Can you actually draw everything that you need to show and have it be understandable?
What are you going to do about dialogue since Flash doesn't have audio?

As an animation student, a 30 second short took me nearly 30-40 hours to fully animate and color using Flash and my Wacom tablet; and that wasn't anything totally cohesive and story-driven, it was a bunch of minor shorts/skits put together.


----------



## Dan_Vacant (May 28, 2012)

I was going to use audacity and maybe combine the video and audio with windows movie maker. and my friend suggested drawing a face then adding mouth and other facial features that I will move.


----------



## MFB (May 28, 2012)

It's going to look odd if nothing but the mouth moves since that's not how our muscle/facial features are supposed to work; it's a system, normally eyebrows move with the mouth and that's what creates emotions. If just the mouth moves it'll look like it's Photoshopped and you lose the illusion of reality you're trying to create through animation. 

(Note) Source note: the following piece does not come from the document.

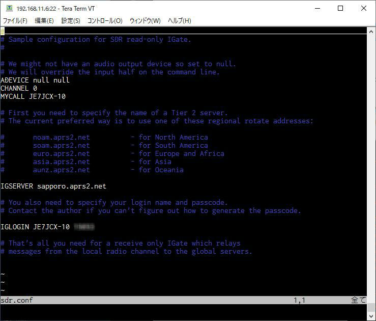 その次に/home/pi/sdr.confにコールサイン、APRSサーバーログインコードを書きます。

As a reference for the work ahead of you in animation, this is the film I was talking about before. The opening line sequence alone took about the 3 hours since I forgot how to work in Flash and had to measure each of the lines, set them in place and so forth. Again, it also depends on how long you're going to make it and how smooth you want the transitions to be. Normally a pose is held for two frames, and then it changes so you're doing a LOT of drawing. In this case, I drew on "threes" so I had less but this still reached over 150 drawings, and over 400 frames.

( ( ( o ) ) )


----------



## Dan_Vacant (May 28, 2012)

It's pretty cool and you put more effort into it then I will because I don't have a tablet. but most of my drawing is cartoony.


----------